User currently offlineStar_world From Ireland, joined Jun 2001, 1234 posts, RR: 0
Reply 1, posted (6 years 5 months 2 weeks 3 days 1 hour ago) and read 20766 times:

It depends on the winds - in some cases it will be very favourable to fly at that altitude if you have a strong tailwind.

I did a quick search on Flightaware and the highest altitude I found for a bizjet was FL450 on a G5. I have seen flights operating at FL490 a few times in the past though.

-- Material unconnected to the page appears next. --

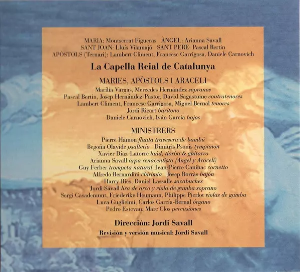 | Artiste | Jordi Savall | Pascal Bertin | Arianna Savall | La Capella Reial De Catalunya | Montserrat Figueras | Lluís Vilamajó | Daniele Carnovich | Lambert Climent | Francesc Garrigosa |
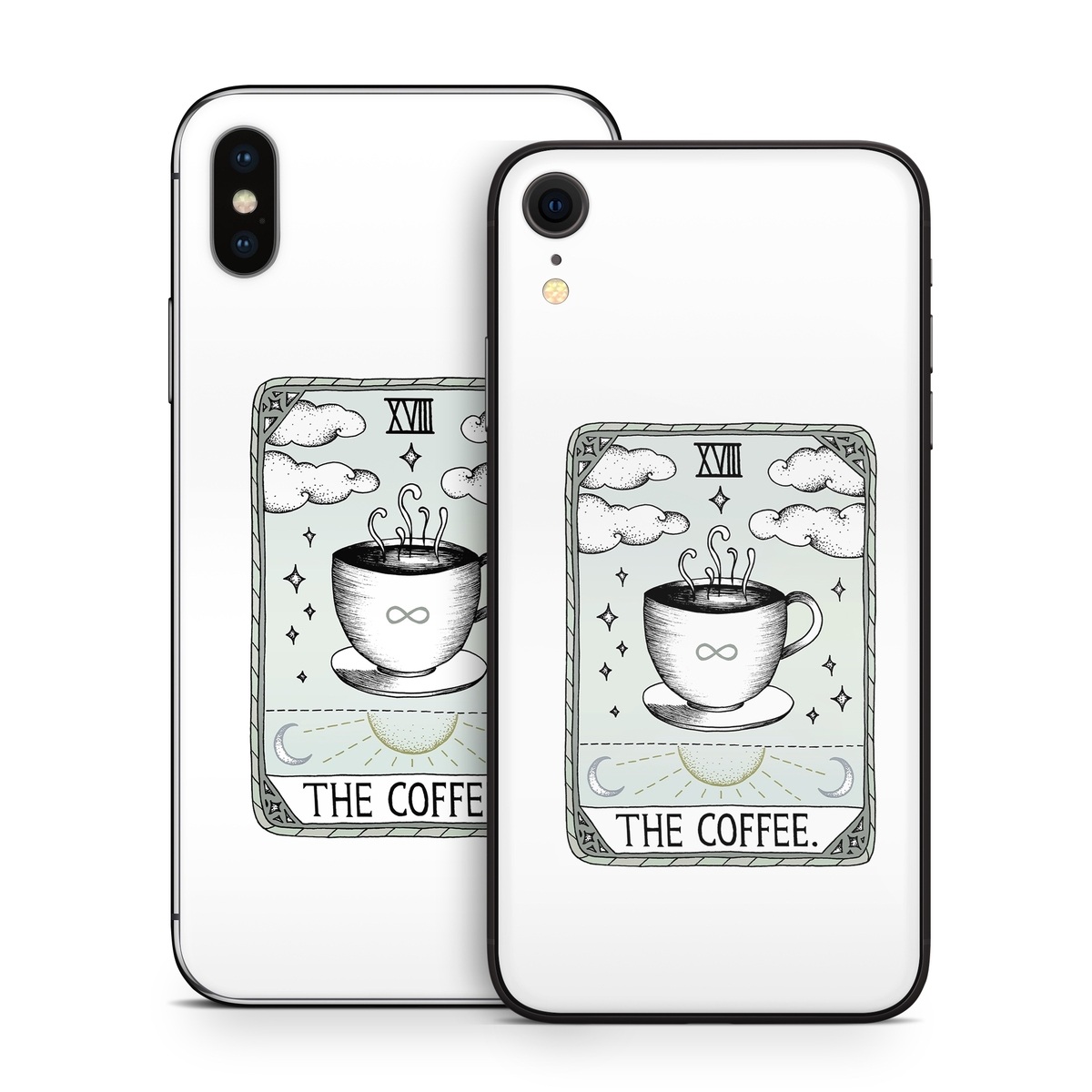 iStyles iPhone X Series Skin design of Cup, Cartoon, Drinkware, Coffee cup, Tableware, Teacup, Illustration, Drink, Line art, with white, black, green, gray, yellow colors, and tagged with objects, signs, space, coffee, handdrawn, pastel, sketch, tarot.

User currently offlineFlynavy From , joined Dec 1969, posts, RR:
Reply 2, posted (6 years 5 months 2 weeks 3 days 1 hour ago) and read 20760 times:



Quoting Osprey88 (Thread starter):
Is their ever any cause to for a pilot to fly his bizjet that high?

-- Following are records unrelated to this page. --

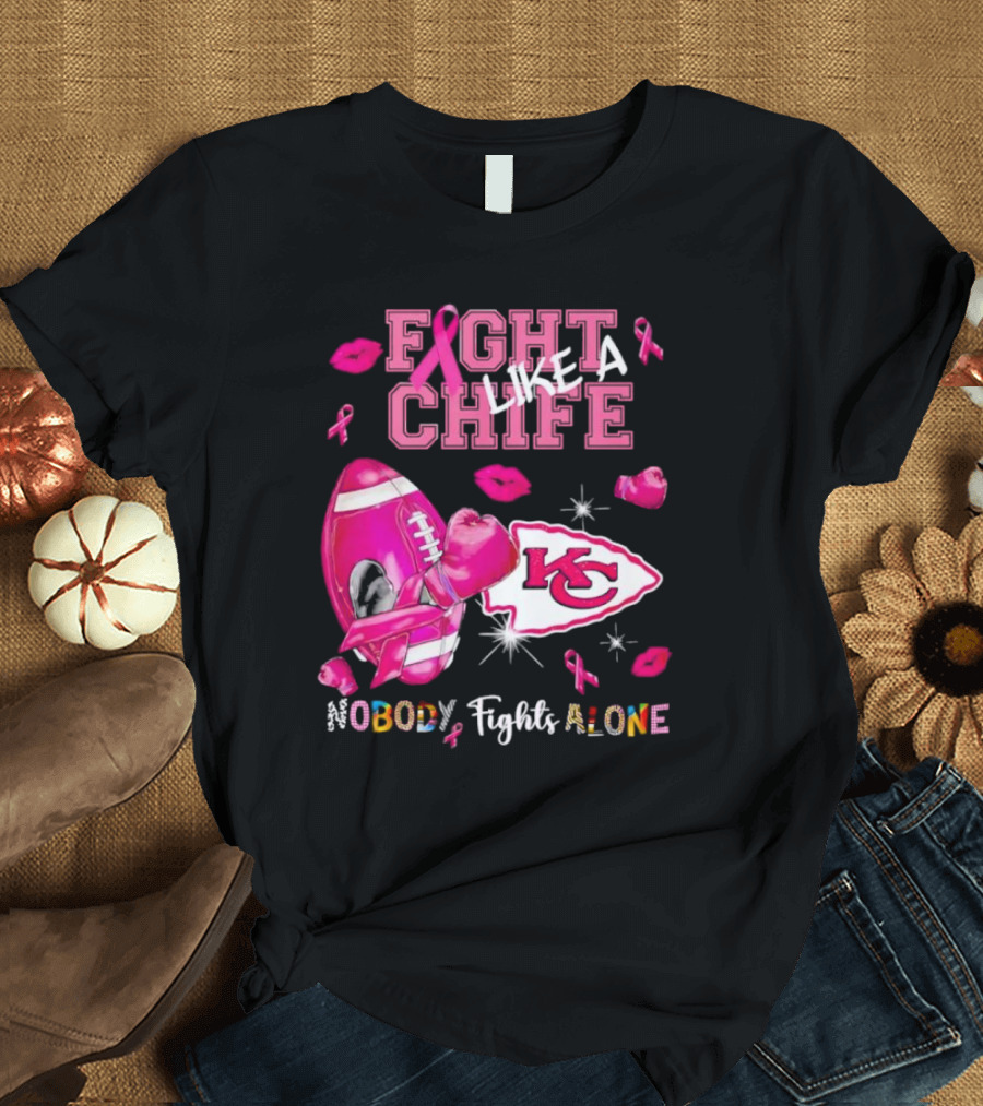 Fight Like A Chief Nobody Fights Alone Breast Cancer KC Pink Ribbon Football Gloves T-Shirt
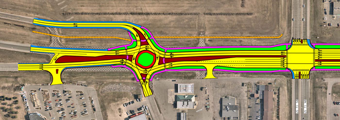 Stage 1 construction on Hwy 197 includes a roundabout, boulevard space and a multi-use trail on both sides of the highway.
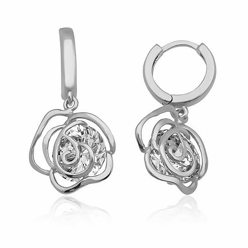 Silver Dangle Rose Women's EarringsElegant silver earrings with rose patterns have a model to suit every taste and concept. It will be a meaningful gift that you can make your loved ones happy. The love loop earring model is made of 925 sterling silver. There is rhodium plating on the silver. Rhodium-plated silver earring models preserve their shine for a long time. Like all silver earring models, the silver dangling rose earring model is handmade. Due to silver and precious stones, there may be ± 10% deviation from the average product weight.Width: 1.50 cmLength: 1.50 cmAverage Weight: 5.00 gr.
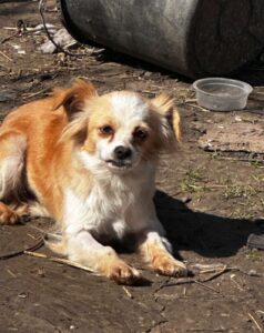 Toen ze door onze partnerorganisatie werd opgemerkt, was ze nog wat terughoudend. Ze bewoog zich voorzichtig, alsof ze eerst wilde begrijpen of het wel veilig was om gezien te worden. Maar wie goed keek, zag het al: achter die verlegen blik schuilde een ontzettend lief en zachtaardig hondje dat niets liever wil dan vertrouwen.
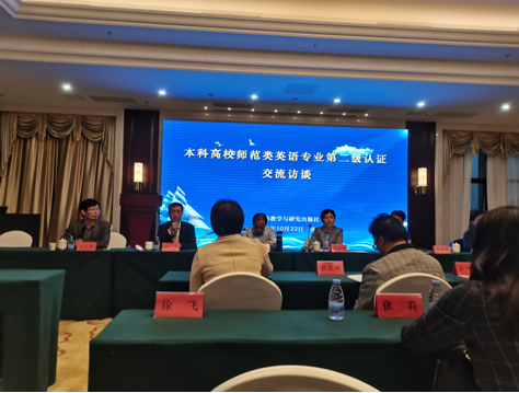 第二阶段是参会代表就认证工作与在场各位专家进行的交流。各位教师围绕桥梁课程、课程思政、教学案例库、课程教学等问题进行了热烈的讨论。我院教师就人才培养方案矩阵指标点设置、课程体系、毕业论文等问题与在场专家进行了沟通,进一步明确了英语专业师范类办学的方向,也认识到,英语专业人才培养应更具有地方特色、学校特色,在此基础上有效保障在未来几年中顺利完成认证工作。
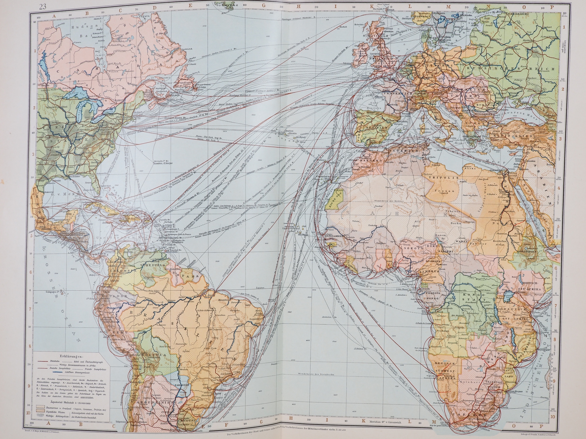 großer Atlas, herausgegeben von A. Scobel, zweiter revidierter Abdruck, Bielefeld und Leipzig, Verlag von Velhagen & Klasing 1907. Maße: 45 x 30 x 6,5 cm. Weitestgehend guter Zustand.

Sure there is - like avoiding everyone else at lower flight levels.


User currently offlineN766UA From United States of America, joined Jul 1999, 8341 posts, RR: 23
Reply 3, posted (6 years 5 months 2 weeks 3 days 1 hour ago) and read 20761 times:



Quoting Osprey88 (Thread starter):
Is it more efficient at 50000ft?

Absolutely. The air is much less dense, and thus it takes far less work to punch through it. If they can get up there and the winds are favorable, they'd certainly be at an advantage.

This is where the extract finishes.